[Recorded data]
○ ○ ○
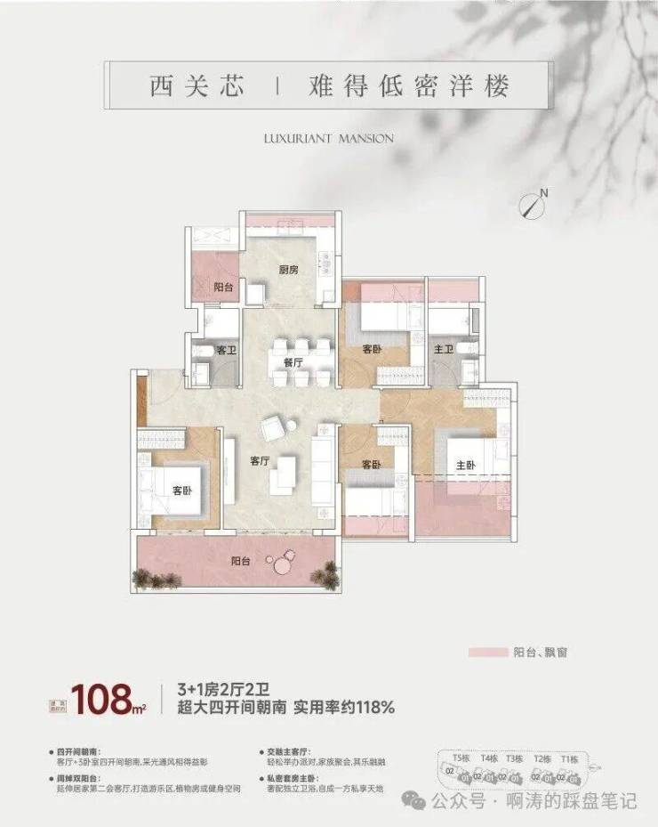 主力户型约108平四房,做到了四开间朝南,其中三间卧室都是南向。这当中,主卧套房独占东南侧单边位,通风和采光都明显占优。
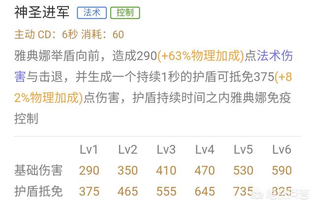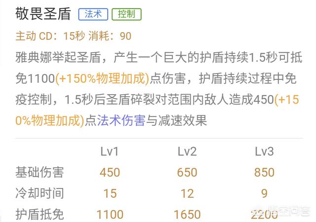 4.大招 原地释放圣盾。获得巨大免伤护盾。持续1.5秒。不可移动。1.5秒后圣盾碎裂对附近敌人造成法伤并减速50%。持续1秒。护盾存在期间雅典娜免控。
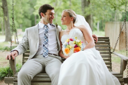 We really love today’s farm wedding. Erin and Jason are from Seattle, but got married in North Carolina, and had a DIY wedding. With help from their families (their dads brewed beer and family brought dessert) they put together a beautiful wedding that certainly looked like loads of fun. They are now on a FOUR month honeymoon in Europe — LUCKY DUCKS!
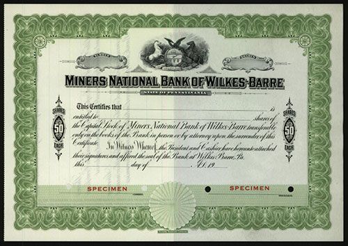 Pennsylvania, 19xx, Specimen Stock, Odd Shares, Black print on lime-green border and underprint, Two horses and state seal top center, Red SPECIMEN print and POC's, VF-XF condition, SBNC.
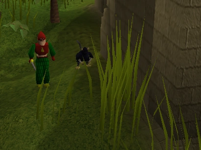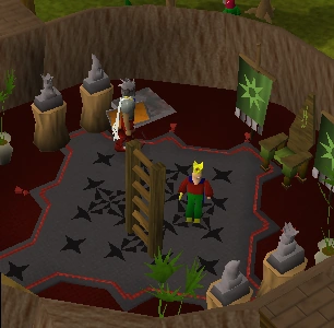 Loop terug naar de stad en laat je weer vangen door de archers (Protect from Missiles aan!). Ontsnap weer uit de gevangenis en loop de tempel in met protect from Melee aan. Laad daar je prayer op als dat nodig is, er is namelijk een altaar. Sommige mensen trainen hier op de apen, dan hoeven ze geen voedsel te gebruiken. Ze kunnen dan steeds hun prayer aanhouden en het steeds weer opladen.
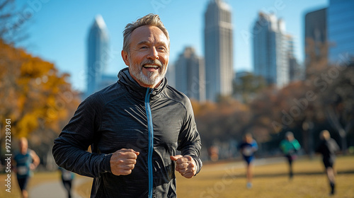 An active older man enjoying a morning run in the city park, surrounded by modern skyscrapers and fellow joggers.
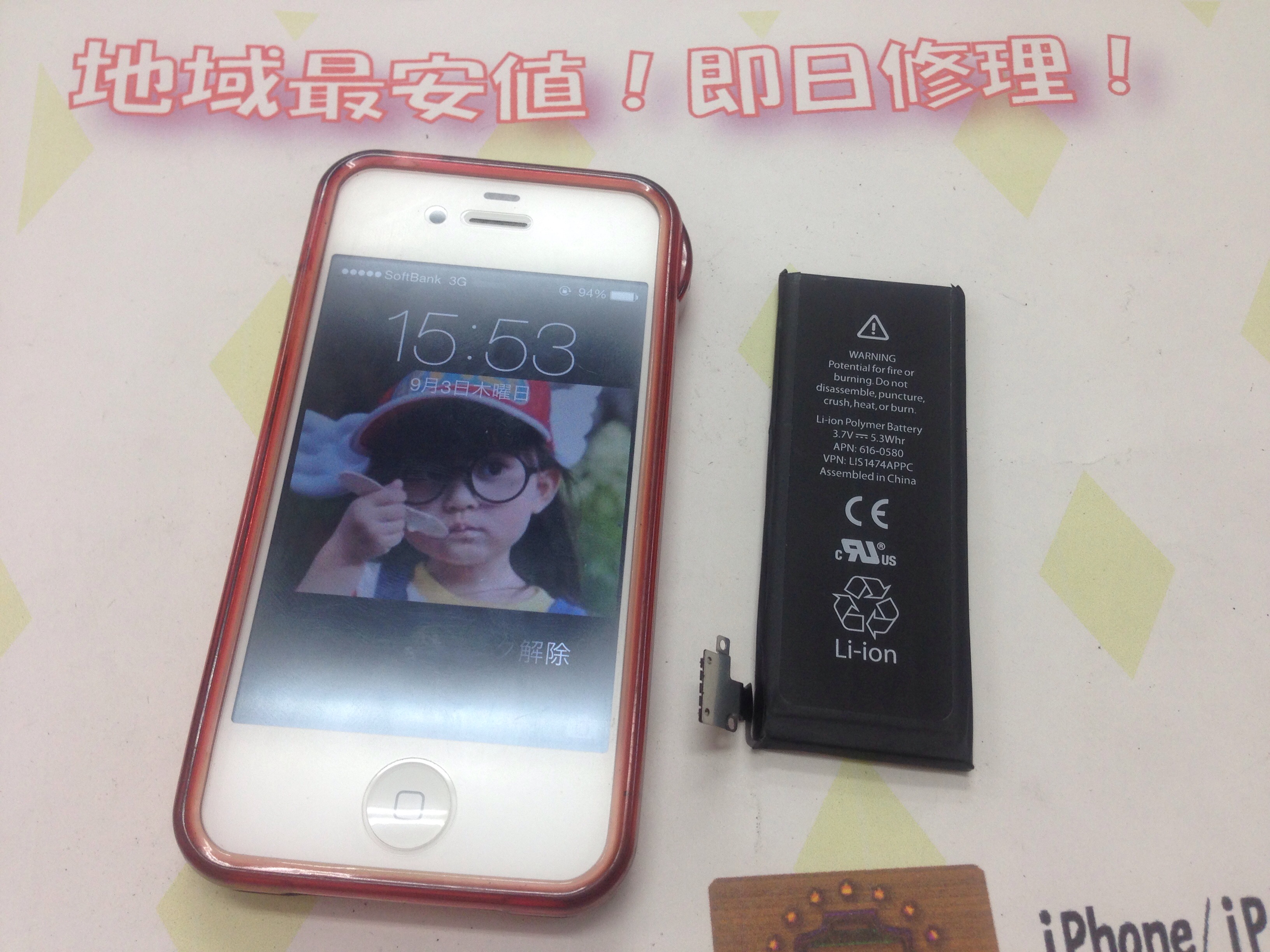 iPhone4s バッテリー交換 ¥5,800
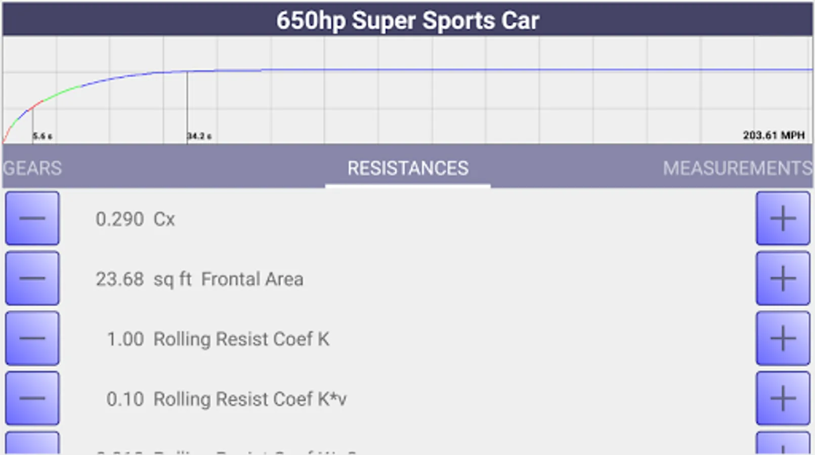 - Resistances (Cx, frontal area and rolling resistance coefficients).
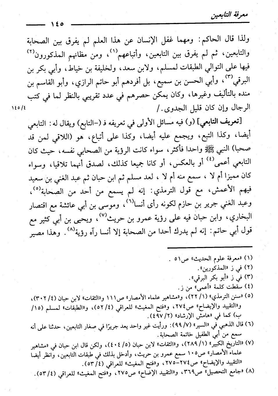 [تَعْرِيفُ التَّابِعِيِّ] (وَ) فِيهِ مَسَائِلُ: الْأُولَى: فِي تَعْرِيفِهِ، فَـ (التَّابِعُ) وَيُقَالَ لَهُ: التَّابِعِيُّ أَيْضًا، وَكَذَا التَّبَعُ، وَيُجْمَعُ عَلَيْهِ أَيْضًا، وَكَذَا عَلَى أَتْبَاعٍ، هُوَ (اللَّاقِي لِمَنْ قَدْ صَحِبَا) النَّبِيَّ - صَلَّى اللَّهُ عَلَيْهِ وَسَلَّمَ - وَاحِدًا فَأَكْثَرَ، سَوَاءٌ كَانَتِ الرُّؤْيَةُ مِنَ الصَّحَابِيِّ نَفْسِهِ، حَيْثُ كَانَ التَّابِعِيُّ أَعْمَى أَوْ بِالْعَكْسِ، أَوْ كَانَا جَمِيعًا كَذَلِكَ ; لَصَدَقَ أَنَّهُمَا تَلَاقَيَا، وَسَوَاءٌ كَانَ مُمَيِّزًا أَمْ لَا، سَمِعَ مِنْهُ أَمْ لَا ; لِعَدِّ مُسْلِمٍ ثُمَّ ابْنِ حِبَّانَ ثُمَّ عَبْدِ الْغَنِيِّ بْنِ سَعِيدٍ فِيهِمِ الْأَعْمَشَ، مَعَ قَوْلِ التِّرْمِذِيِّ: إِنَّهُ لَمْ يَسْمَعْ مِنْ أَحَدٍ مِنَ الصَّحَابَةِ. وَعَبْدِ الْغَنِيِّ جَرِيرَ بْنَ حَازِمٍ ; لِكَوْنِهِ رَأَى أَنَسًا. وَمُوسَى بْنَ أَبِي عَائِشَةَ مَعَ اقْتِصَارِ الْبُخَارِيِّ وَابْنِ حِبَّانَ فِيهِ عَلَى رُؤْيَةِ عَمْرِو بْنِ حُرَيْثٍ. وَيَحْيَى بْنِ أَبِي كَثِيرٍ مَعَ قَوْلِ أَبِي حَاتِمٍ: إِنَّهُ لَمْ يُدْرِكْ أَحَدًا مِنَ الصَّحَابَةِ إِلَّا أَنَسًا رَآهُ رُؤْيَةً. وَهَذَا مَصِيرٌ
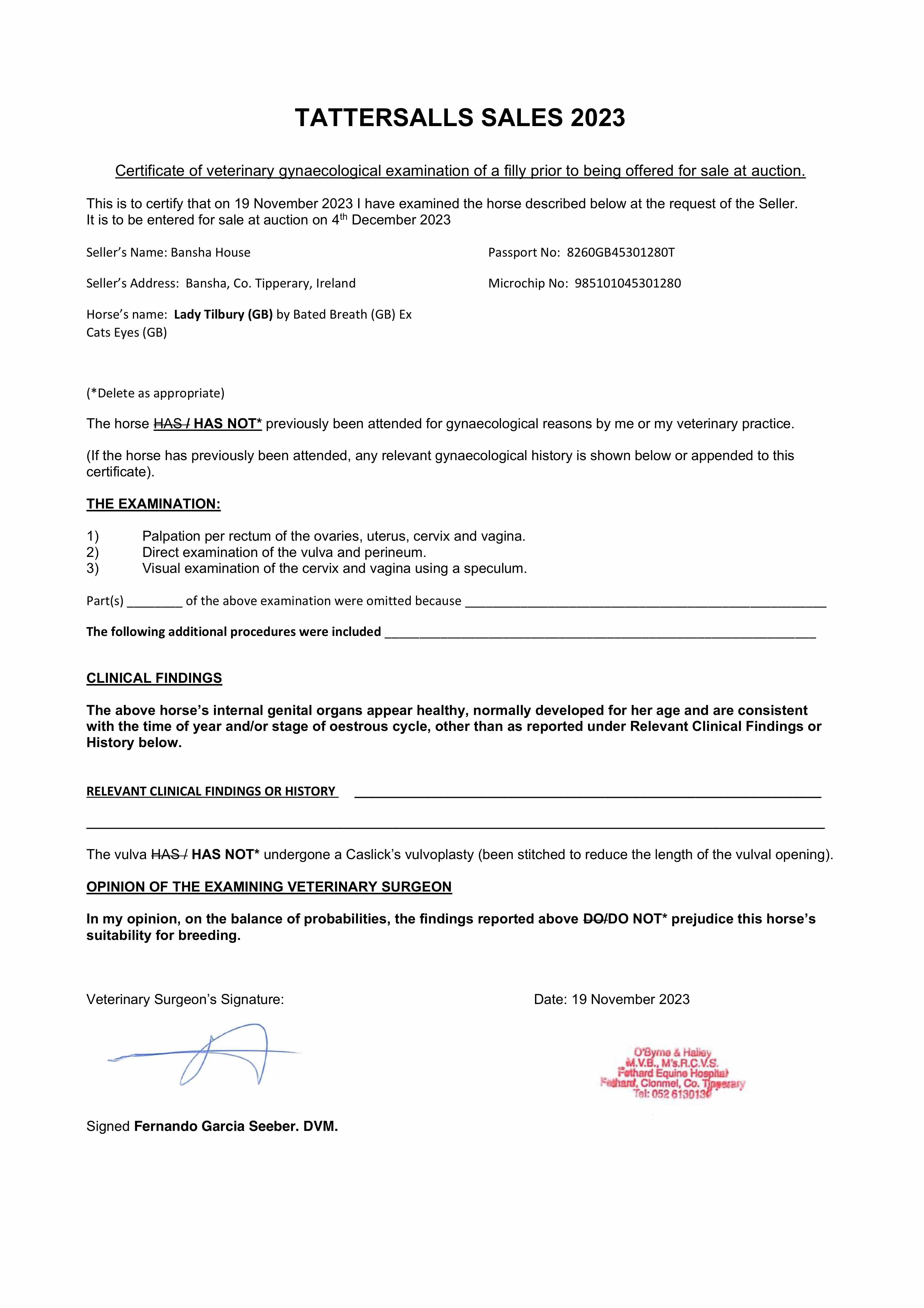 Consignor: Jamie Railton (Agent)
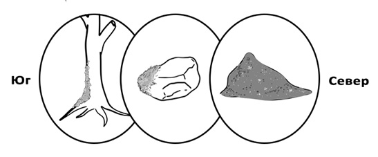 У сосны, у комля, ближе к корням, нередко обильно нарастает мох, лишайники. Мох любит сырость, тень, норовит спрятаться от прямых солнечных лучей за стволом и, значит, указывает на север. Точно так же мох располагается на отдельных камнях, пнях, на скалах, на стенах старых деревянных и каменных строений. Из лиственных деревьев мхом и лишайниками больше всего обрастают осины и тополя. В случаях, когда ствол дерева покрыт разросшимся лишайником вкруговую, надо ощупать его рукой. С северной стороны лишайник более влажный, плотный, его больше. Засохшие деревья, пни, упавшие на землю стволы в большей степени гниют с северной стороны (рис. 19).
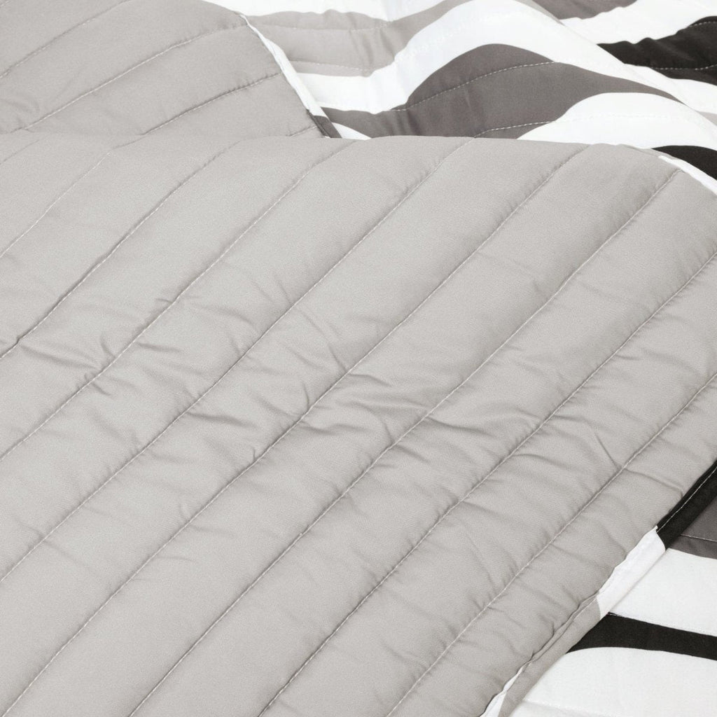 If you are embarking on a bedroom makeover, this Mid Century Geo Reversible Quilt 3 Piece Set will lay the foundation for a bold and exciting design. Each piece of this quilt set is decorated with this retro pattern of wavy colors.
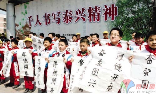 为进一步提高新时期泰兴精神的知晓率、认同度,4月24日上午,我市举行千人书写“泰兴精神”活动,市领导戴仁泉、王中先、杨晋安、张春山出席。 在鼓楼文化广场,1000多名小学生现场挥毫,书写“厚德开泰 、奋发图兴”的新时期泰兴精神。 市委常委、宣传部部长戴仁泉指出,这次活动是全市深入开展泰兴精神宣传实践活动的一个具体行动,他希望参与活动的学生们充分发挥“小手拉大手”的作用,推动泰兴精神的学习、宣传、实践,进家庭、进校园、进社区,进而在全社会形成弘扬、践行泰兴精神的浓厚氛围。 在一张张白纸上,孩子们写下了各种书法字体的“厚德开泰、奋发图兴”,字里行间渗透着孩子们对泰兴精神的理解,对家乡的热爱。 |
○ ○ ○
Work order: Could you reproduce exactly, and only, the lines from the start of the records through the line containing "We really love", leaving out the pictures?

Reply to the exercise:
 主力户型约108平四房,做到了四开间朝南,其中三间卧室都是南向。这当中,主卧套房独占东南侧单边位,通风和采光都明显占优。
 4.大招 原地释放圣盾。获得巨大免伤护盾。持续1.5秒。不可移动。1.5秒后圣盾碎裂对附近敌人造成法伤并减速50%。持续1秒。护盾存在期间雅典娜免控。
 We really love today’s farm wedding. Erin and Jason are from Seattle, but got married in North Carolina, and had a DIY wedding. With help from their families (their dads brewed beer and family brought dessert) they put together a beautiful wedding that certainly looked like loads of fun. They are now on a FOUR month honeymoon in Europe — LUCKY DUCKS!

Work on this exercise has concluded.